Many other additives are present in dog foods, but those are included based on a dog’s size, age, or exceptional circumstances. For example, docosahexaenoic acid (DHA) can be added to puppy food to help brain development.
As you look at the label containing ingredient details, you should try avoiding, if you can, vague or unnamed ingredients, added sweeteners, artificial preservatives, and colors, digests, added sweeteners, and meat by-products.
Many owners will be delighted and excited about a food bag that has the label complete and balanced. If they don’t think about the individual ingredients and their contribution to their dogs’ nutrition, they may end up reducing the lifespan of their furry canine friends.

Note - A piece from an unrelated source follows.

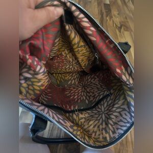 Sleek and stylish design. Perfect for daily use. Features durable handles and secure zip closure. Cute floral print inside

On the flip side, there are serious dog lovers and owners who demand quality food for their dogs. Apart from reading labels and checking ingredients, they also do background checks on companies and compare the percentage values. They do not fall for the complete-and-balance label as they want the best for their canines.

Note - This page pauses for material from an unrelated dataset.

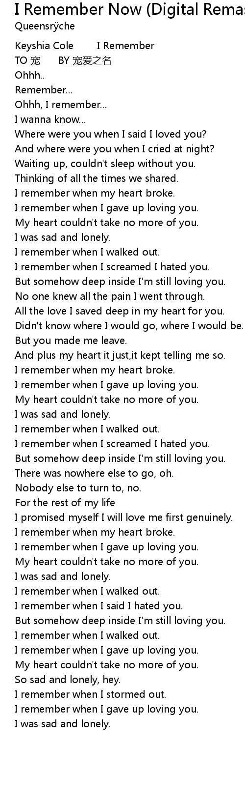 | 歌曲 | I Remember Now (Digital Remaster) |

Other owners and enthusiasts who are skeptical about commercial dog food will opt out. Instead, they will go for raw or homemade diets because they can monitor and control all the ingredients that the dog consumes. The other reason is that they don’t like pet foods.
You are free to choose whichever feeding method you want. However, you should first educate yourself and get all the info you can on canine nutrition. You need to understand the specific needs of your dog (because breeds are different).
If you go for dog food recipes to prepare at home, do not forget that the end goal is to provide nutritiously healthful meals. Master the dog’s digestive system and then get along with the feeding business.